Intel's recent moves illustrate the fast-moving, immature market
Intel spent 2004 entering—and exiting— the liquid crystal on silicon (LCOS) technology for digital television (DTV) displays arena. So what does it have in mind, now that it has acquired an Israeli company that has developed video processing technology?
With PC revenues flat, Intel wants a piece of the TV graphics chip market, which is expected to grow to nearly $2 billion in five years. So do a slew of other chip companies of all sizes. Intel and ATI Technologies approach this new market from the PC graphics space and others from traditional TV electronics. Figuring out which piece of the market to attack is hard. ATI is one early leader Intel and anyone else will have to confront.
"You have all these companies trying to get into the market, and there will be a shakeout, but not for a couple of years," says Shyam Nagrani, an analyst at iSuppli. "Companies can still make mistakes and recover when the market is this immature and growing fast."
Intel's strategy change illustrates how immature—and forgiving—the DTV chip market still is. Intel announced in early 2004 that it would offer an LCOS chip for TV displays in 2005. In late 2004, it said it would discontinue the project to focus on higher-margin areas. Taking a second chance, Intel announced in March that it had acquired Oplus Technologies, an Israeli startup founded in 1998 (it did not disclose the price). Oplus makes image processing chips for DTV and had more than 100 employees at the time of the acquisition.
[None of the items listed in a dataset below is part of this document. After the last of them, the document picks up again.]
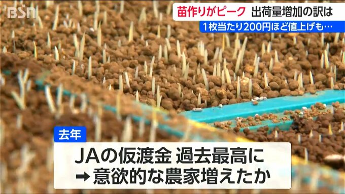 また、農薬などが値上がりしたことから、苗も1枚当たり200円ほど引き上げられました。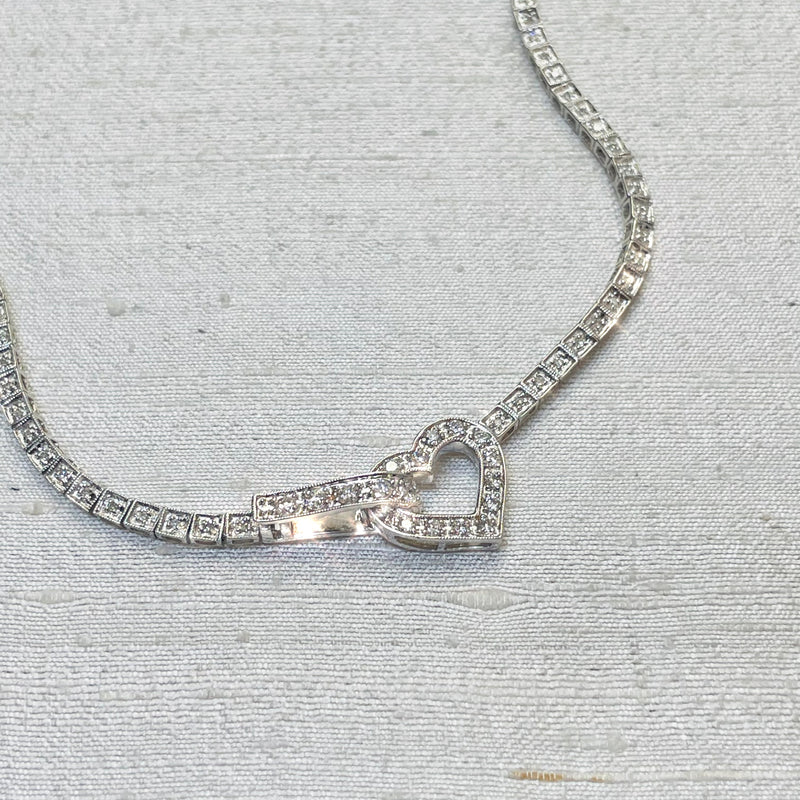14K White Gold Natural Diamond Tennis Necklace with Heart Center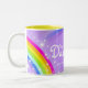 Bright and colourful rainbow daughter mug. Perfect gift for your vibrant and wonderful daughter. Mug reads: “Wonderful Daughter you are our ray of beauty and light”. Mug designed exclusively by Sarah Trett.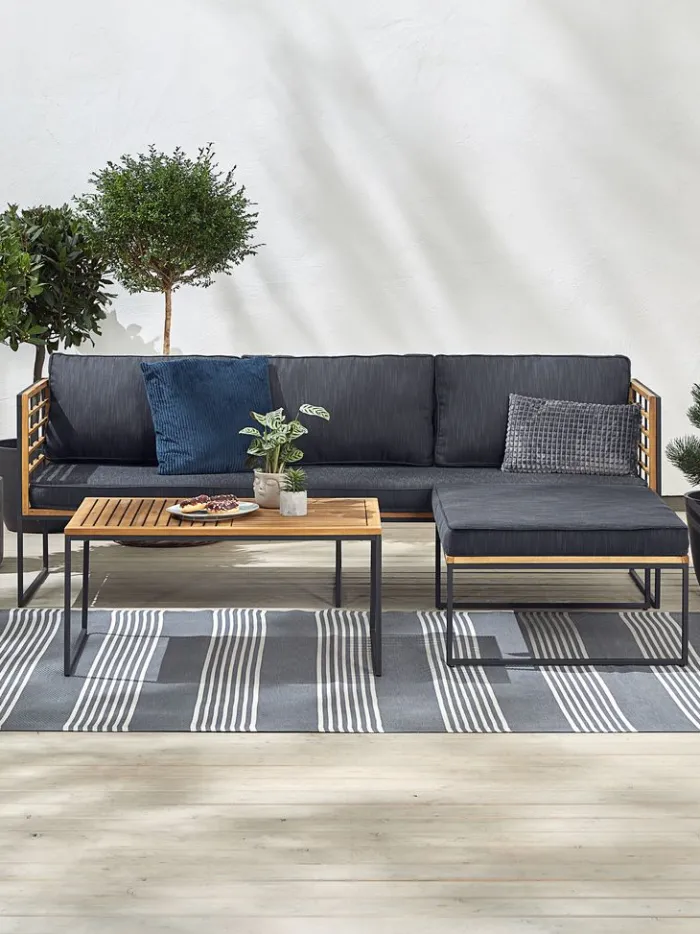Loungebord i galvaniseret stål og olieret FSC®-hårdttræ. B60 x L90 x H43 cm
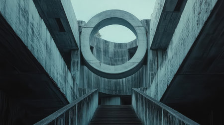 A striking concrete structure featuring round openings and sharp angles, embodying contemporary brutalism with an artistic balance of form and function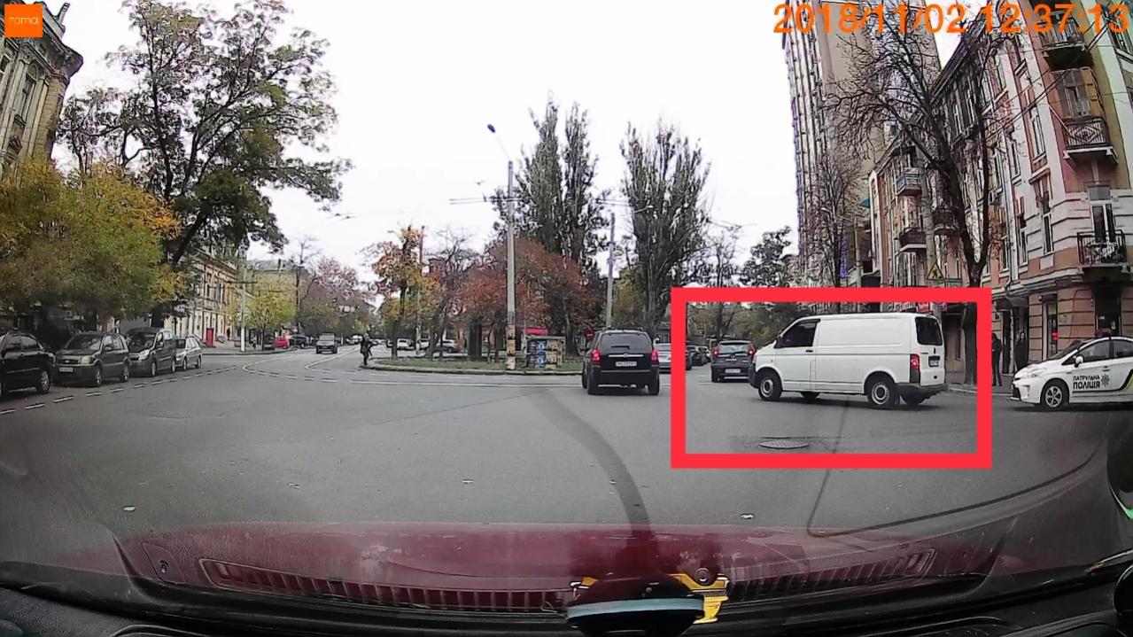 ДТП между белым VW микроавтобусом и легковым автомобилем серого цвета в красной рамочке? Черный Тушкан просто объезжает?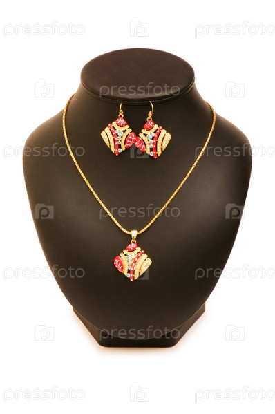 Красивые серьги и колье на белом фоне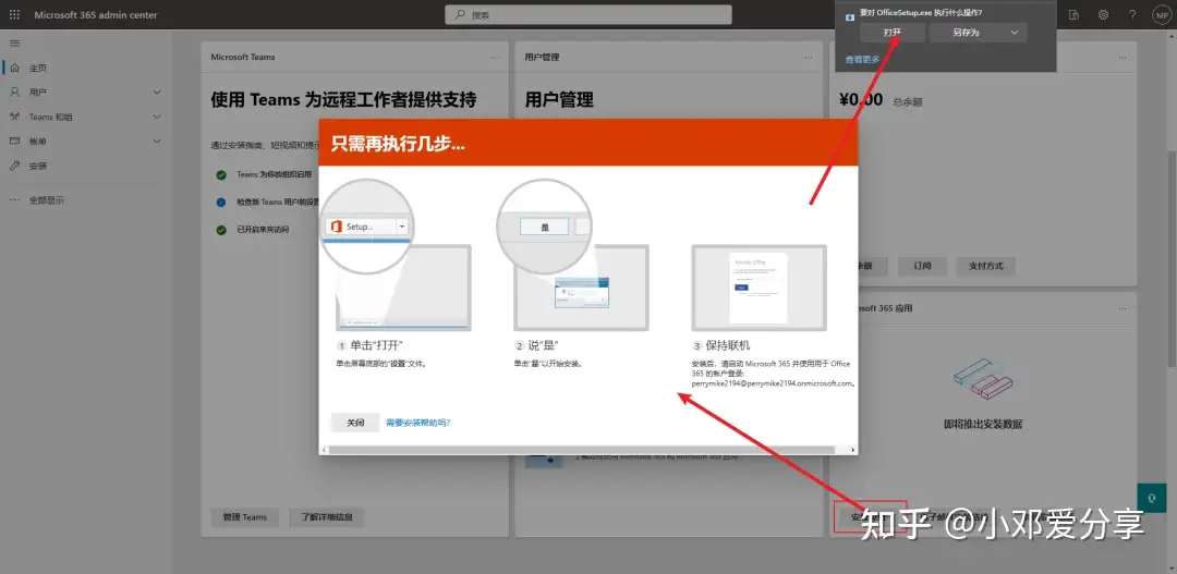 7.如果要安装Microsoft 365全家桶的话,找到安装应用把安装程序下载下来就可以啦(具体安装过程省略),如图所示: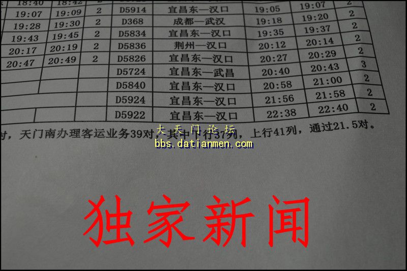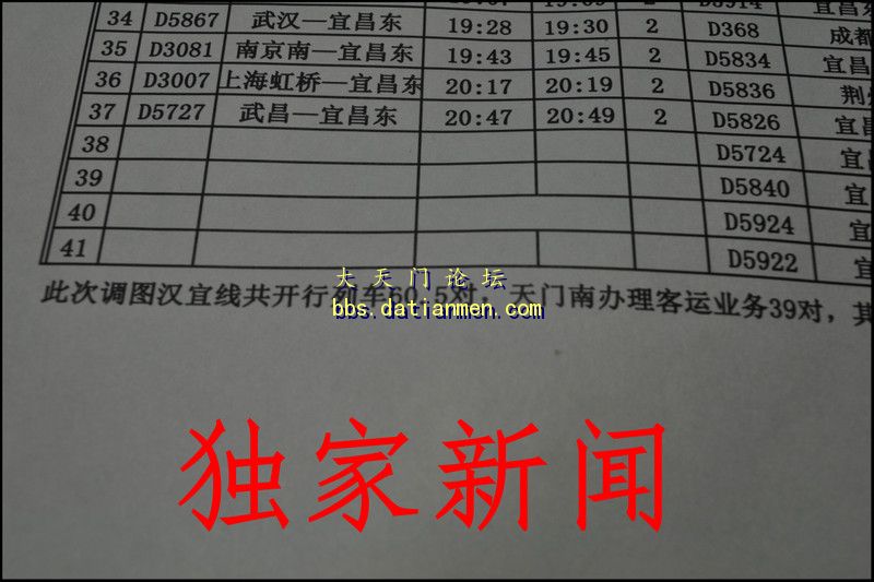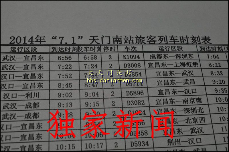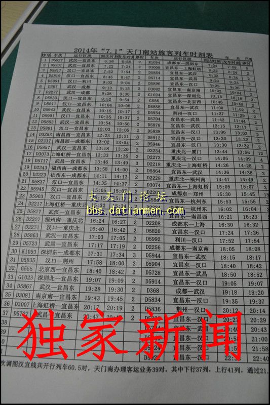 版主刚刚从天门市铁路办获悉, 在天门市委市政府的积极争取下,在国家铁路总公司和武汉铁路局的大力支持下,从7月1日起,天门南开通深圳北的高铁动车,天门南办理客运39对,其中上行37列,下行41列,通过21.5对!另附71调图最新消息:

Intel has not announced any products, but a spokesperson says most TV makers consider picture quality a key differentiator, so Intel believes that the highest-value silicon in DTV is the display processor, which formats incoming video, enhances image quality and manages the integration of multiple video and graphics layers. "We have the data processing capability, so what Oplus gives us is pixel processing, which is highly specialized and an increasingly important differentiator," the spokesperson says.
Henry Choy, an analyst at Jon Peddie Research, which focuses on graphics markets, says Oplus has patents on technology for video processing; color control on chips; and keystone correction, a process that helps keep images in alignment. Choy says at least one other company, Silicon Optics, has similar technology. Genesis Microchip and Pixelworks also have similar pixel processing technology, the Intel spokesperson says.
The TV analog-to-digital transition is still young. The worldwide market for TV graphics chips is expected to hit $1.9 billion by 2009, according to Choy (see the chart, "The Outlook for TV Graphics Chips"). The market for advanced TV sets is expected to grow worldwide from 22.2 million units in 2004 to 127 million units in 2009, according to Nagrani.
Nagrani sees two broad groups within the space: those making chips for TVs and those making chips for set-top boxes. The first group includes companies such as Genesis, Trident and Philips; the second group includes ATI, Broadcom and Zoran; according to Choy. ATI and Zoran have the most design wins. Zoran recently announced its own acquisition of an Israeli company: Oren Semiconductor, which develops demodulator technology for high-definition TV (HDTV). Zoran, which was already an investor in the company, paid $44.6 million in stock and cash.
With the functions of the digital set-top box being integrated into the basic TV set and all TV transitioning to digital, the two camps are converging. Analysts believe we're about to see a wild TV graphics space similar to what PC graphics were less than a decade ago.
Of the three companies that survived the PC graphics shakeout, Nvidia is noticeable for its absence in TV graphics. Intel, the overall PC graphics chip market leader, by virtue of its dominance of integrated graphics chip sets, is still figuring it out, judging from its acquisition of Oplus.
It needs to keep an eye on ATI , the market leader in discrete PC graphics chips, because it is one of the few with a clear strategy for DTV and is doing well at this early stage. It entered the digital set-top box market early and has moved into HDTV and other DTV markets. In HDTV it shipped more than five million units in 2004, making it the market leader in that segment.
Mike Gittings, ATI's director of marketing for DTV products, says the biggest hurdle for the market is customers' mass confusion about the difference between DTV and HDTV. "Everyone in the industry agrees that consumer education is the number 1 problem," he says. "If you look at surveys, you'll see that people think they have HDTV if they have a set-top box with analog, digital cable or digital satellite."
The good news, Gittings adds, is that the FCC has mandated the timing for the changeover to digital TV. "Anything that receives an analog signal today must be 100 percent digital by mid-2007," he says. Even if the nation doesn't quite make that deadline, at least there is a plan. And how does this affect a company such as ATI? Says Gittings, "It makes it easier to forecast, that's for sure."